Finally, the results from this study can add to the bodies of knowledge for the industrial sector worldwide especially in the high energy consumed countries such as China, US, and India, and high energy consumed countries of OECD and non-OECD, with energy intensive production structure to identify alternatives to propose strategies for low carbon economy and production structure. In order to confront possible future energy crises, the consumption of energy should be restructured and reduced.

Figure 1.1 shows the top 10 GHG emitters countries based on their total annual emissions. According to the figure, China is the most GHG emitter country followed by the USA and EU countries (Ge et al. 2014). Moreover, as depicted byo Finley (2012), the largest source of increased energy consumption is China, where it is estimated to grow up to 50% by the year 2030 in its oil consumption. This vast growing is expected to remain in the industrial sector. China is expected to implement policies to slow the growth rate of oil consumption.

Fig. 1.1

Tope 10 GHG emitters. Total GHG emissions 2012 (MtCO₂e: Million metric tons of carbon dioxide equivalent. This measure can aggregate different greenhouse gases into a single measure, using global warming potentials. One unit of carbon is equivalent to 3.664 units of carbon dioxide)

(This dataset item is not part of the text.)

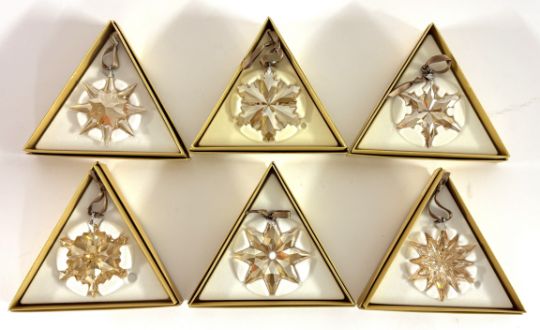 Swarovski Crystal Glass, a collection of six SCS Christmas stars including 2011, 2013, 2012, 2015, 2014, 2009, all boxed (2013, 2012, 2014 and 2009 boxes damaged).

Policy and strategies are needed to achieve the stated goal. It is necessary to know how certain factors for example ICT capital can be used to reduce the energy consumption, and how to quantify and assess this impact. In the aftermath of Oil Crisis, Europe was able to reduce its energy use and dependency through improvement in the energy use efficiency and diversification of its energy sources (Favennec 2005; Terrados et al. 2007). In the periods of economic shocks that witness extraordinary energy price changes, it is difficult to apply the traditional econometric models to explain the behavior of the energy demand. Advanced methods such as dynamic model specification is highly desirable, as it allows for flexibility in adjustment of the input factors in the long-run (Kim and Labys 1988). Although the dynamic model formulation may lead to increase complexity in modeling, estimation, and interpretation of the results, it may have the advantage of deriving the elasticities as well as accounting for responsive heterogeneity over time and by industry characteristics.

1.5 Research Design

The research design for this study is quantitative, correlational, and descriptive. It is based on existing literature of dynamic factor demand models, an existing strand of literature that constructs the relationship between energy demand with other input factors of production, (see for example: Apostolakis 1990; Dietmair and Verl 2009; Field and Grebenstein 1980; Frondel and Schmidt 2002; Imran and Siddiqui 2010; Kuemmel et al. 2008; Park et al. 2009; Pindyck 1979; Zahan and Kenett 2013).

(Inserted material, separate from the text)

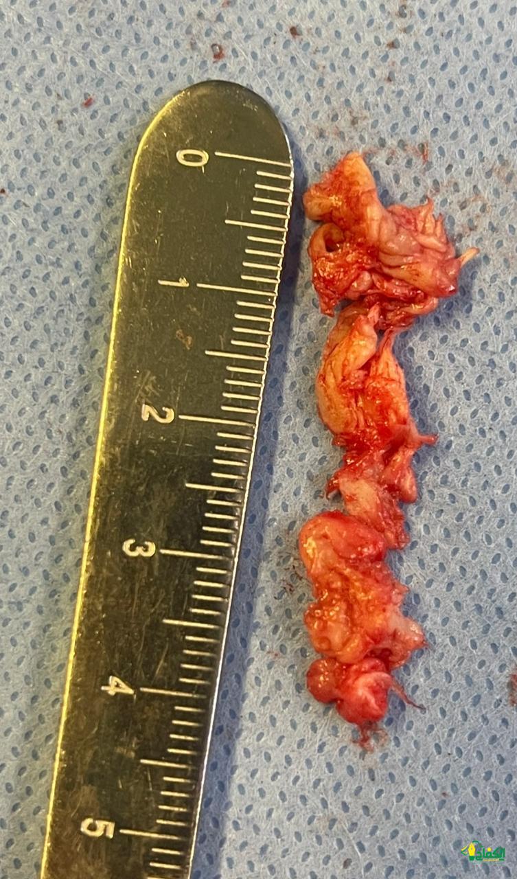 وبعد إجراء الفحوصات اللازمة، تبيّن وجود انزلاق غضروفي بين الفقرة القَطنية الخامسة والعَجُزية الأولى وقرر الفريق الطبي إجراء عملية جراحية بعد أن فشلت المسكنات والعلاج الطبيعي في النتائج المرجوة في تخفيف الألم، وبعد تنويم المريضة أُجريت لها عملية إزالة الغضروف الضاغط على الأعصاب باستخدام تقنية التدخل المحدود بالمنظار، عبر فتحة جراحية صغيرة لا تتجاوز 2 سم، وخرجت المريضة من المستشفى بعد يوم واحد من العملية وهي في حالة صحية جيدة.

The review of relevant literature, as well as other studies analogous to studies by the authors quoted above on production functions (Berndt and Wood 1975, 1979; Christensen et al. 1973; Griffin and Gregory 1976), and exploratory research through the analysis of secondary data and longitudinal design, served as key inputs for the design of this study. These studies provide knowledge on applying a quantitative, correlational, descriptive study and in applying the different forms of factor demand modeling.

Accordingly, this study employs the knowledge gained from reviewing the previous literature and provides an all in one study using a quantitative, correlational, and descriptive approach. As described by Johnson (2001), in order to establish a wide range of basic knowledge for the dependent variables based on the existing literature in determining the production and energy demand. A correlational, descriptive, quantitative analysis is conducted to examine a panel data sample from a secondary data source for 30 main industries in South Korea and Japan over the period 1980–2009 and 1973–2006, respectively.

A secondary data analysis is a noticeable time and cost-effective tool for data collection. Researchers with limited funding can access a huge dataset for a small cost in a relatively timely manner, compared to other means of data collection, such as a survey, which typically requires more time and an expensive planning process in addition to data mining and documenting (Dale et al. 2008). The panel data was collected from different Microsoft Excel spreadsheets mainly provided by the Asia KLEMS and EUKLEMS growth and productivity account databases. The data was then complied into a single spreadsheet for the initial statistical analysis (descriptive statistics). Finally, a detailed analysis using SAS codes was conducted. Hence, the study aims at exploring the relationship between variables in the panel dataset, and by doing so, a quantitative analysis is applied.

1.6 Research Questions and Empirical Motivations

This study addresses four research questions with respect to the production technology and the nature of the productivity growth in the South Korean industrial sector. The research questions are formulated as follows:

1. 1.

   What is the relationship between the ICT capital investment and energy use in the production process of the South Korean industrial sectors?

2. 2.

   How far the levels of the ICT investment and energy use are from their optimal values in the production process of the South Korean industrial sectors?

3. 3.

   How the structure of the South Korean industrial sectors’ factor demand can be described?

4. 4.

   What is the major source of the total factor productivity growth in the South Korean industrial sectors?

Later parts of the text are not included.